I'm often surprised by the lack of critical urbanism in bicycle circles, as though the bicycle's inherent goodness dazzles the eyes so severely that boosters are blinded to the very clear legacy of urban redevelopment erasing the working poor. What gave bike people the idea that changes to the built environment would benefit anybody but those already adept at manipulating public services for their own good? I think it's that they are often people who were raised to see government intervention as a boon, something that you should go out and lobby for as a good citizen. Here's the thing: not everyone benefits from state-sponsored infrastructure projects, which tend to serve the interests of powerful people. Infrastructure projects that underpin development create winners and losers, and deciding who wins and who loses is a political process. Just because bike interests are starting to win doesn't mean that the process has changed.
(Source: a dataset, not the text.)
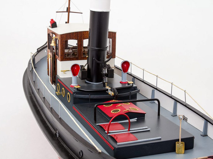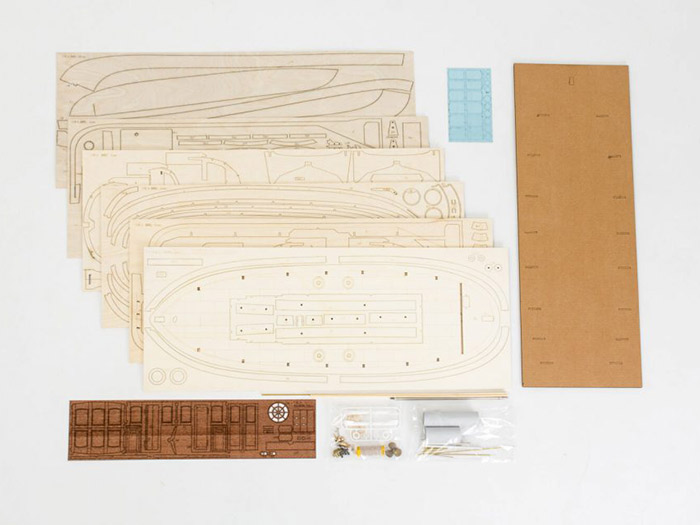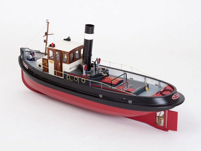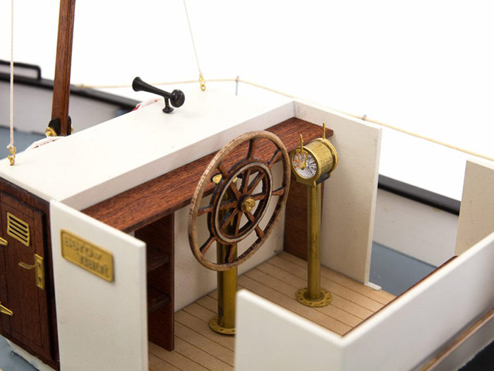 Tim is a steam tug from the early 20th century. The model can be built as a working ship or as a static museum model (with railing). The model impresses with an extensive set of fittings and high-quality etched brass parts allowing the model to be finely detailed. The model kit contains all wooden parts required for construction, ship's shaft, rudder, building slipway, fittings set, etched parts and detailed 3D construction instructions.
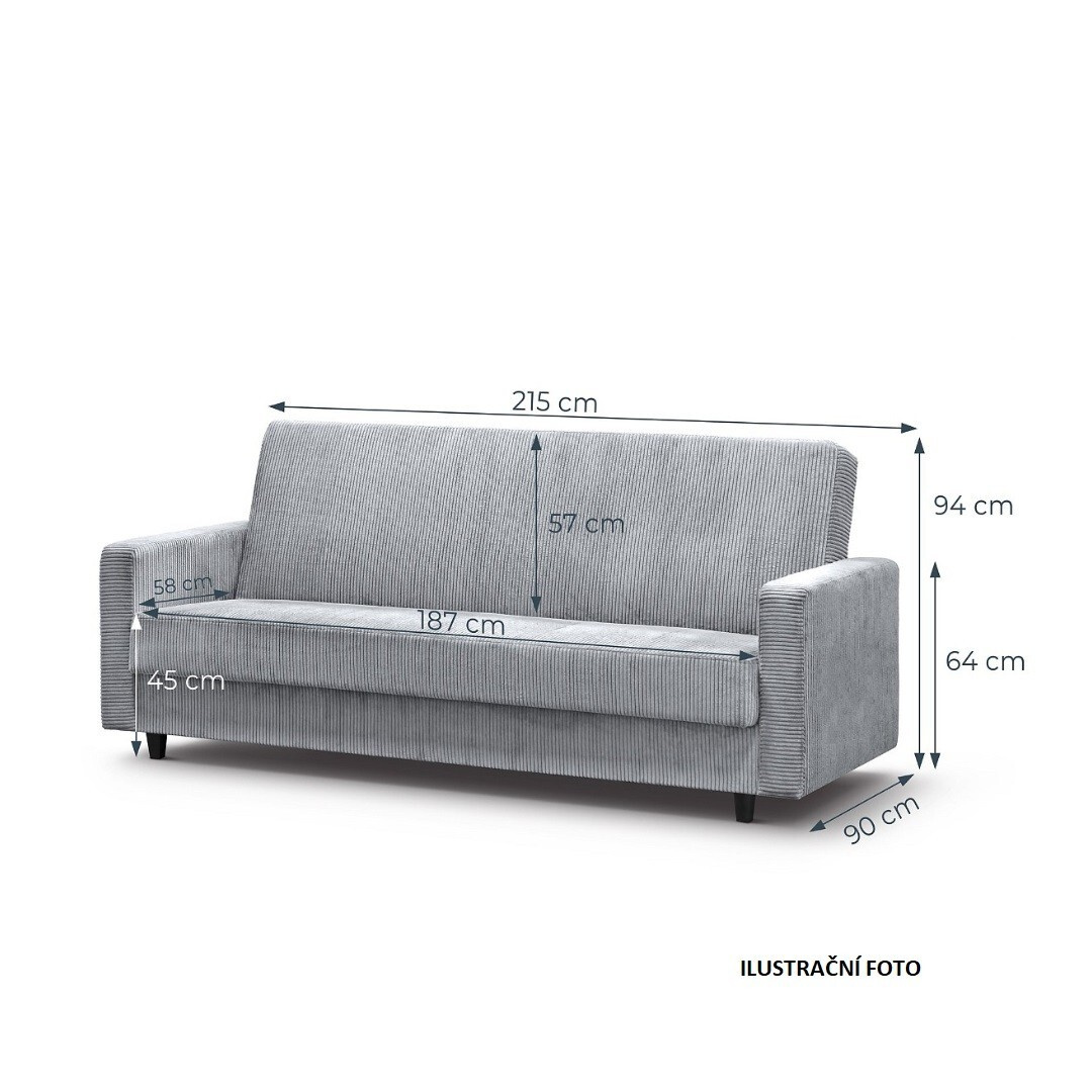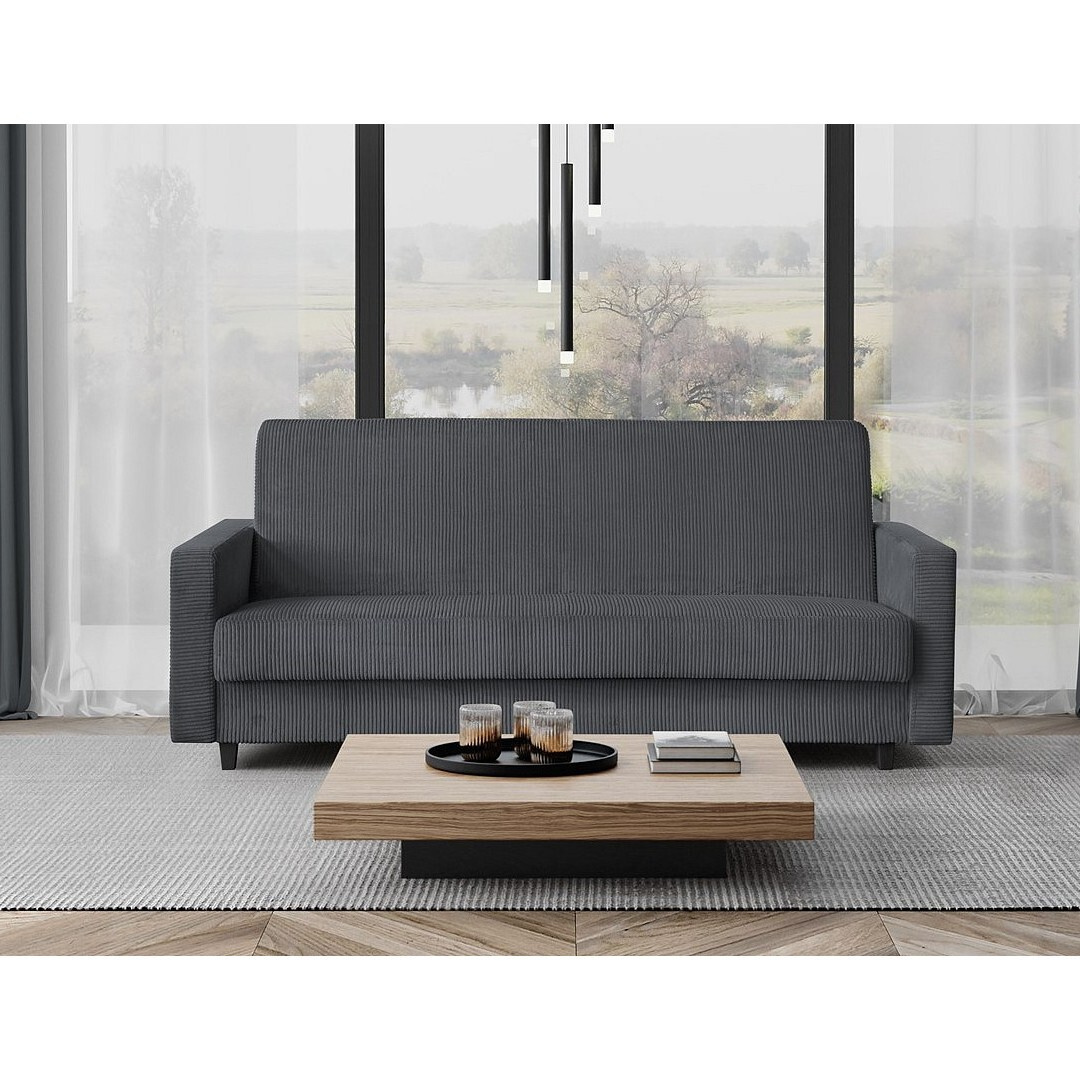 Praktická a pohodlná rozkládací pohovka s úložným prostorem LORA. Stylová pohovka, která doladí váš interiér do posledního detailu. Barevné provedení pohovky LORA je v antracitovém odstínu látky Poso 34. Tato látka je podobná manšestru, je velmi hrubá, s úpravou PET FRIENDLY - pro snadné čištění od zvířecí srsti, vlasů. Rozklad pomoci klik-klak systému. Velikost spací plochy je o rozměrech 122 x 190 cm. Je určený pro příležitostné přespání dvou osob. Nechybí ani úložný prostor vhodný k uschování lůžkovin a denních dek. Výplň je tvořená bonell pružinami.

Many bike advocates appeal to a rationalistic notion that urban planning can fix our social ills, that we can design built environments that repair the longstanding cracks in our segregated communities. But going back to the era of Baron von Haussmann's plan for Paris, cities have used urban plans to rid city centers of undesirables. An appreciation for urban life grew alongside this desire to control it, from Thomas De Quincey and Charles Baudelaire slumming around with prostitutes, to the impassioned observations of Walter Benjamin, to the Marxists of the Situationist International mapping quartiers scheduled for demolition (on a sidenote, have you noticed how often people who deal in urban design, not political protest, appropriate "Sous les pavés, la plage"?). More recent environmental justice struggles have made the same point, with a resounding

We've known for a long time that the benefits of urban redevelopment projects tend to land in certain laps while the burdens are borne on the backs of others. 

We know, too, that the people who make urban neighborhoods interesting might not be the ones who own property and hence control the destinies of those spaces.
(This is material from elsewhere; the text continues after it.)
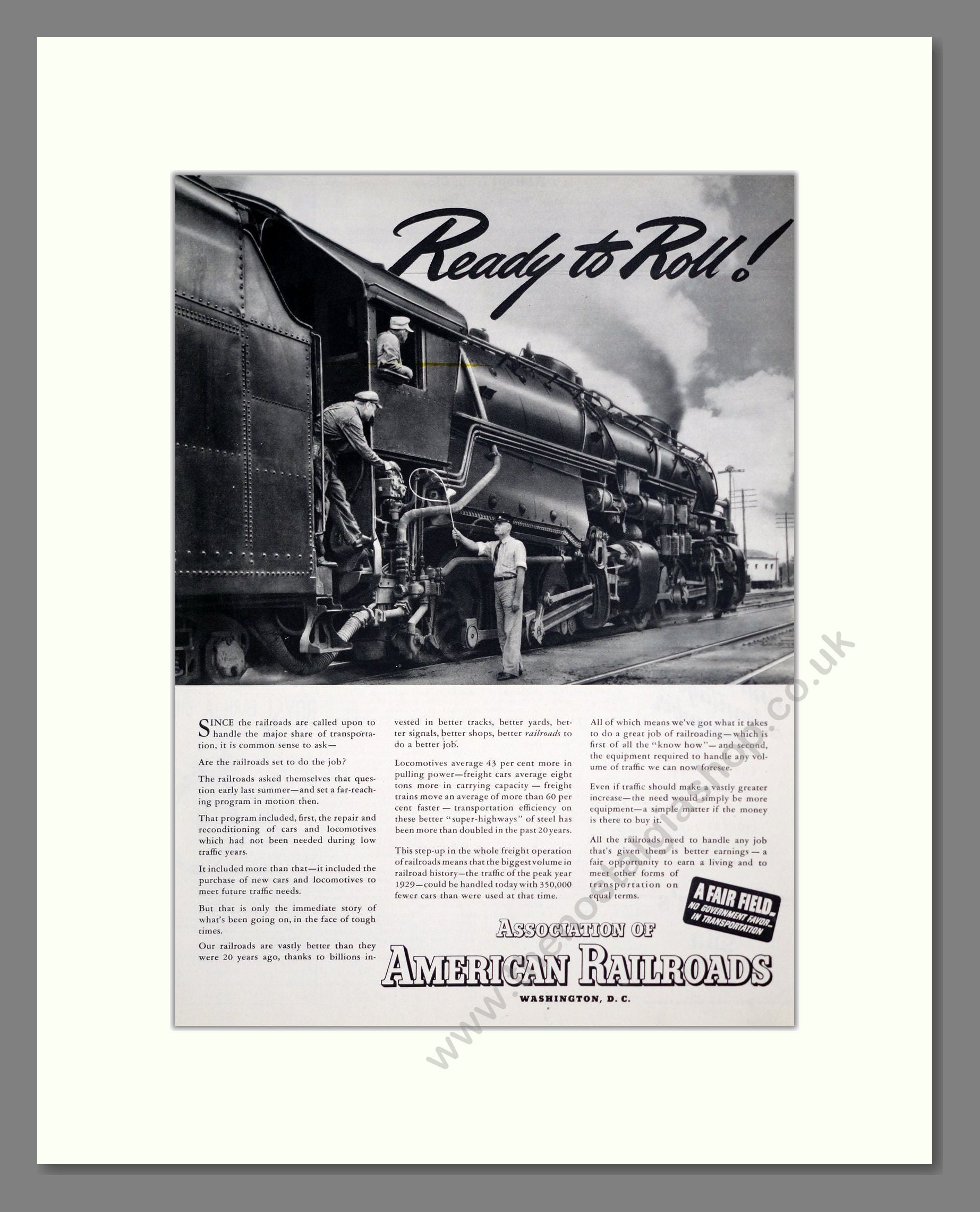 American Railroads - Ready To Roll. Vintage Advert. This is a large classic original advert from 1939. Presented and supplied in a cream bevel cut mount with backing card and clear bag. Ready to fit in a 18 x 14 inches frame. The mounted advert will be posted via courier and well packed - protected with a sheet of hardboard to keep it rigid. Any questions or enquiries, please get in touch, we are here to help! All our adverts, unless clearly stated are originals from the date shown. They make excellent pieces of wall art and stunning gifts. Many are rare and hard to find and once sold, may not be replaced. Remember you are buying a piece of history. Website watermark is not on original.

Thinking that the only way we can promote bicycling to a wider population is by allying ourselves with those who run an economic machine that relies on and ignores the exploitation of less empowered people is a pretty poor use of imagination. We can laugh and point when something as wacky as Rabinowitz's video circulates. But while we can agree that she missed the point, her rant shows how bikes and bike infrastructure projects fit into other kinds of agendas. We may see ourselves as the underdog, but sometimes bike advocates come across like a kid who has all the toys in the world except for the one he wants the most.
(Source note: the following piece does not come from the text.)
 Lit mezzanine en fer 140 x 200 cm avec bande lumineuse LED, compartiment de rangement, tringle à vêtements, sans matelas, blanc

Power flows through a grid. As bike advocates, we may benefit from having power on our side, but organizations that use a "bikes mean business" strategy should be prepared to hear bike projects get blamed for gentrification. This is explicitly what you are calling for: a city where only those who can afford to, as participants in a creative economy, enjoy the idea of complete streets. (Whether those people buying and selling the idea of the bicycle actually plan to change their transportation habits is another question entirely.) With such a history of urban infrastructures benefiting those already in power, what makes us think that bike-specific projects would somehow be exempt from this fact?

If we reduce the fun, exciting, and creative practice of bicycling to infrastructure projects that give an excuse to charge higher rents from desirable urban creatives, who benefits? If bicycling is going to be for everyone, it's because we're going to intervene in urban business as usual, not hand over our bodily knowledge to people who are going to sell it back to us through bike-themed condos.